Жестом он попросил меня посмотреть на убитого. Мне ничего не оставалось делать, кроме как подчиниться, хотя я предпочел бы запомнить Слана таким, каким он был при жизни. Не то чтобы я боялся вида крови и смерти. При расследовании разной аномальщины мне приходилось иметь дело и с трупами.
Однако сейчас, глянув на своего мертвого друга, я почувствовал, что лицо мое вытягивается и приобретает неестественную белизну.
Слан лежал с открытыми глазами. Если точнее, то один глаз у него был слегка прикрыт, а другой – открыт очень широко. Как ни странно, в его остановившемся взгляде не было ни ужаса, ни страха, а только – безмерное удивление. Как будто перед смертью он увидел нечто такое, что не могло произойти ни при каких обстоятельствах. Что-нибудь вроде ожившего холодильника, расхаживающего по комнате… На левом виске у Слана виднелся живописный кровоподтек. Горло было распорото одним махом ножа почти от уха до уха. Грудь и спина были покрыты глубокими ранами, из которых кровь хлестала, наверное, фонтаном …
Куров кашлянул и поспешно задернул тело пледом.
– Итак, вы опознаете убитого как Слана Этенко ? – все тем же официальным тоном осведомился он.
– Опознаю, – преодолевая сухость в горле, сказал я. – Как не опознать?.. Все-таки знакомы-то мы давно…
– Сколько времени вы с ним были знакомы?
– Н-ну, лет восемь, наверное…
– Я-ясно, – протянул он. – А при каких обстоятельствах вы познакомились?

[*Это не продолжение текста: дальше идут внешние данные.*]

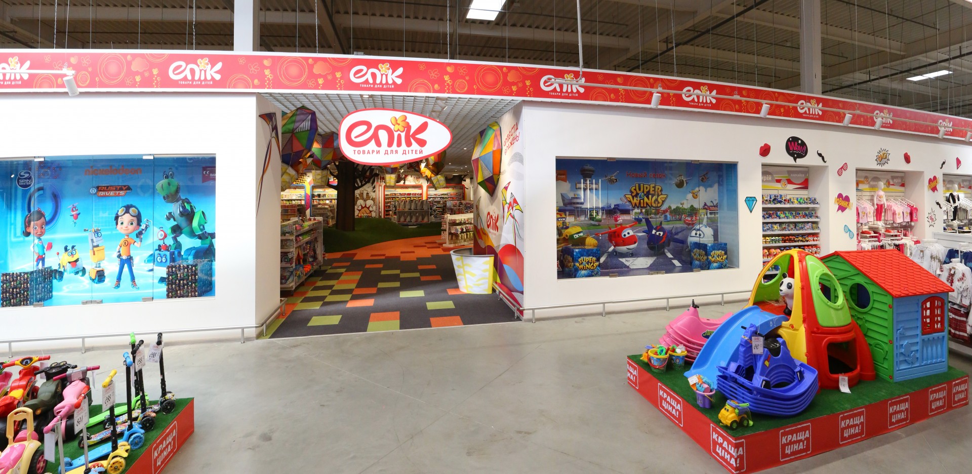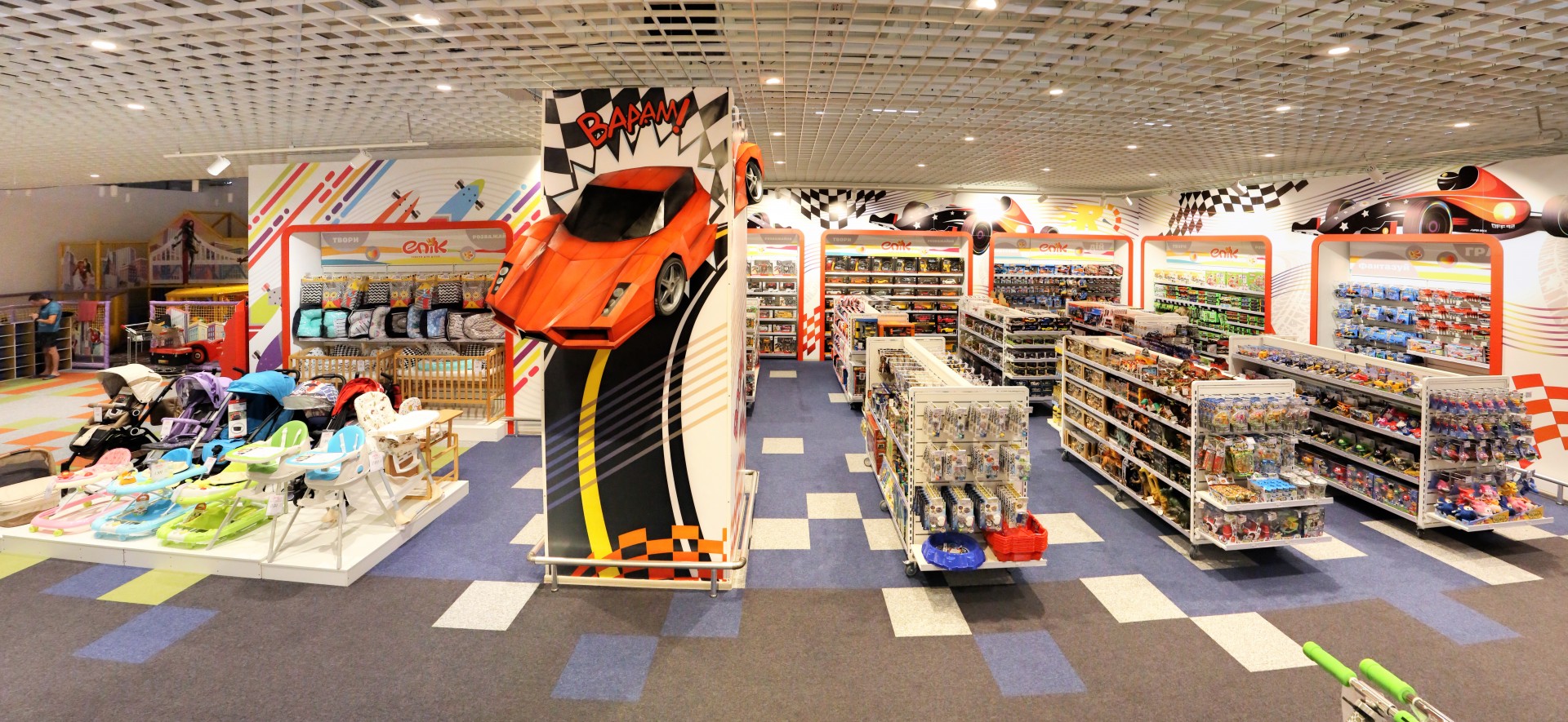 Магазин дитячих товарів Епік займає площею 1700 кв. м, і пропонує не тільки кращі товари для дітей, а й зони відпочинку, творчості, батути та інші розваги.
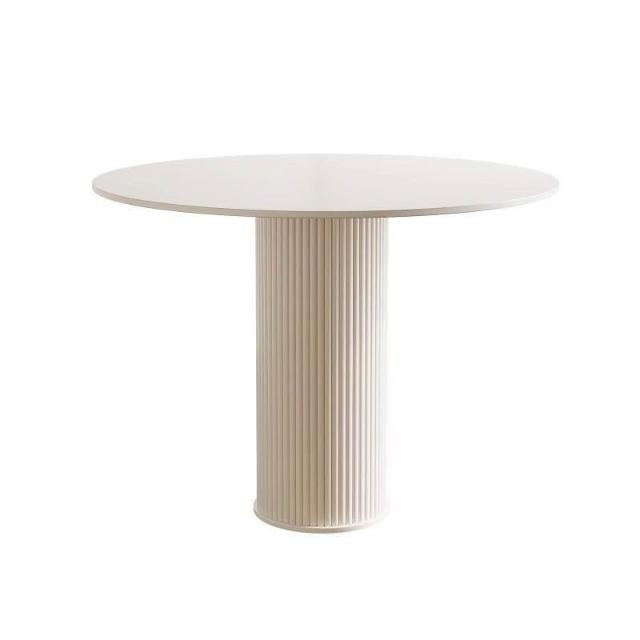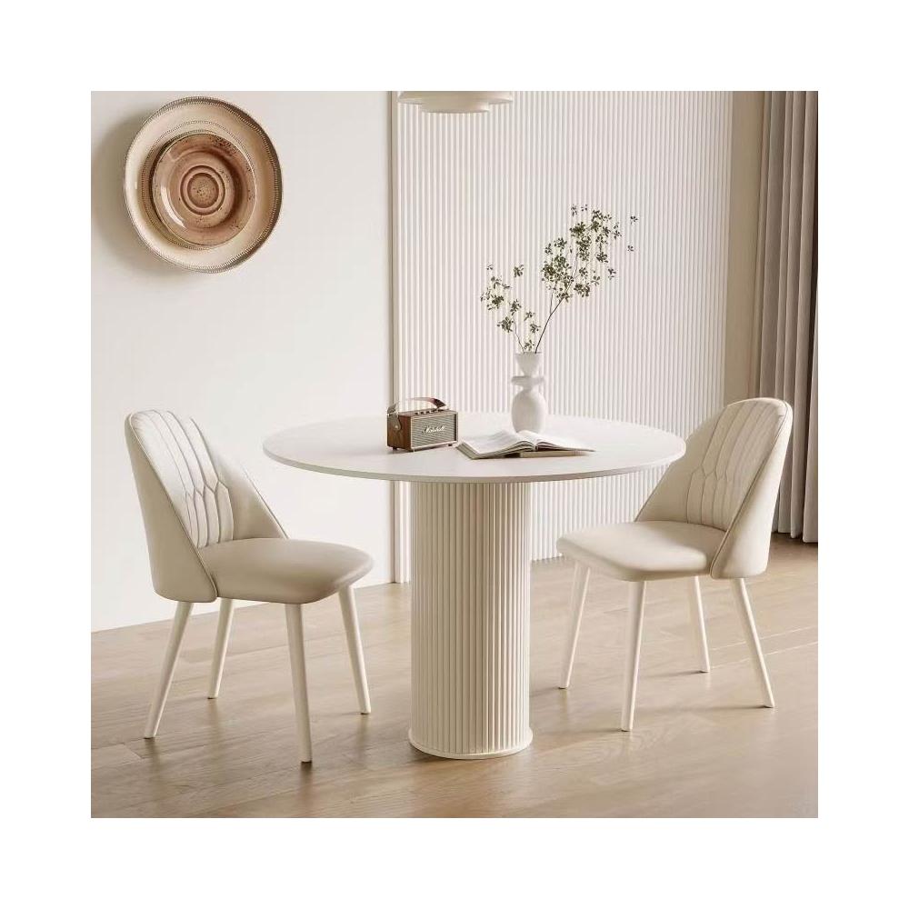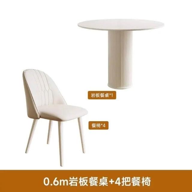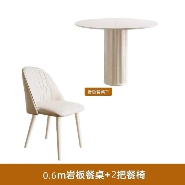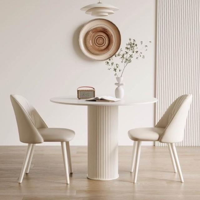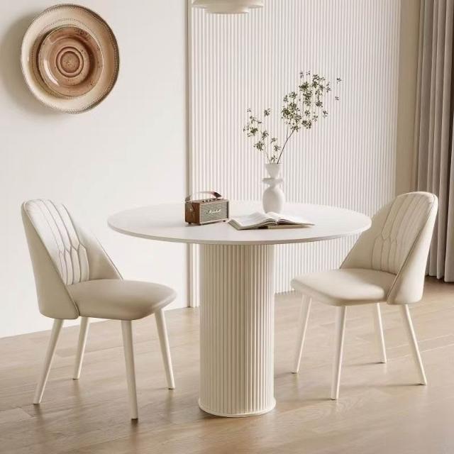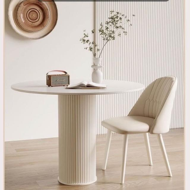 奶油風圓形餐桌家用小戶型岩板洽談桌椅組合現代簡約羅馬柱圓桌子
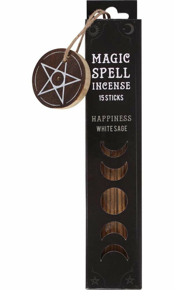 This box of magic spell incense includes 15 white sage scented incense sticks and a matching wooden pentagram holder that is perfect for accompanying spells of balance and happiness. Whether used for spell work or everyday enjoyment, this fragrance will attract all the best things life has to offer.
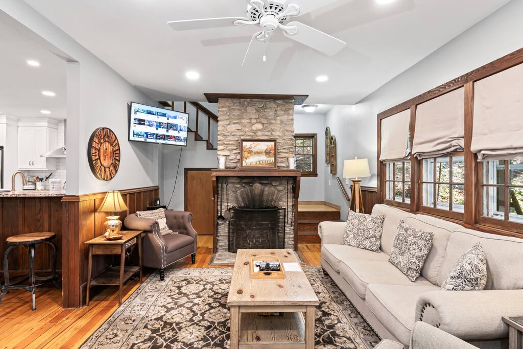 Experience the beauty of the lake while enjoying modern comforts and bringing your furry friend along! Renovated fully in 2018 with a full front porch, rocking chairs, and swing, this cabin brings peacefulness to guests and is geared towards families.

… В то время я учился в Университете славного российского города Мапряльска. В городском драмтеатре устраивали так называемые «вечера отдыха» для молодежи. Отдых этот заключался в том, что несколько сотен оболтусов в диапазоне от шестнадцати до двадцати лет съезжались в драмтеатр со всех концов города, чтобы, накачавшись дешевым виски из горла в туалете и обкурившись (а некоторые – и обколовшись) всякой дрянью, изображать танцы первобытных людей на тесном пятачке фойе под нечленораздельные одобрительные выкрики диск-жокея и пулеметные очереди турбозвука. «Отдыху» неизменно сопутствовали различные эксцессы, одним из проявлением которых была традиционная разборка в прилегающем к драмтеатру чахлом скверике. Однажды это странное времяпровождение, именуемое среди мапряльской молодежи «скачками» заинтересовало меня как исходный материал для очередной курсовой работы по социологии, и на некоторое время я стал завсегдатаем дискотеки. Моя ошибка заключалась в том, что я посещал данные мероприятия один и без средств самозащиты. В один темный вечер, выйдя из здания театра на свежий воздух, я вдруг, ни за что ни про что, схлопотал смачную оплеуху по физиономии. Их там было человек шесть, «ребят-не-из-нашего-района», но ударил меня лишь один из них, очевидно, исполнявший функцию своеобразной «разведки боем». Вокруг стояли и другие парни, но всем им было наплевать на то, что происходит рядом, и они действительно то и дело равнодушно сппевывали себе под ноги слюну, насыщенную никотиновыми смолами. Ударившего меня я сбил ответным ударом, но меня тут же окружили его коллеги по шайке-лейке, и я понял, что меньше чем парой сломанных ребер и изрядно попорченным лицом мне на этот раз не отделаться. Я ошибся. Откуда ни возьмись, налетел сбоку темный силуэт и в мгновение ока раскидал враждебную мне компанию по окрестным кустам. Кто-то попробовал возразить силуэту с помощью кастета, но после умелого удара ногой в грудь оставил эту затею и отправился вслед за сотоварищами приходить в себя.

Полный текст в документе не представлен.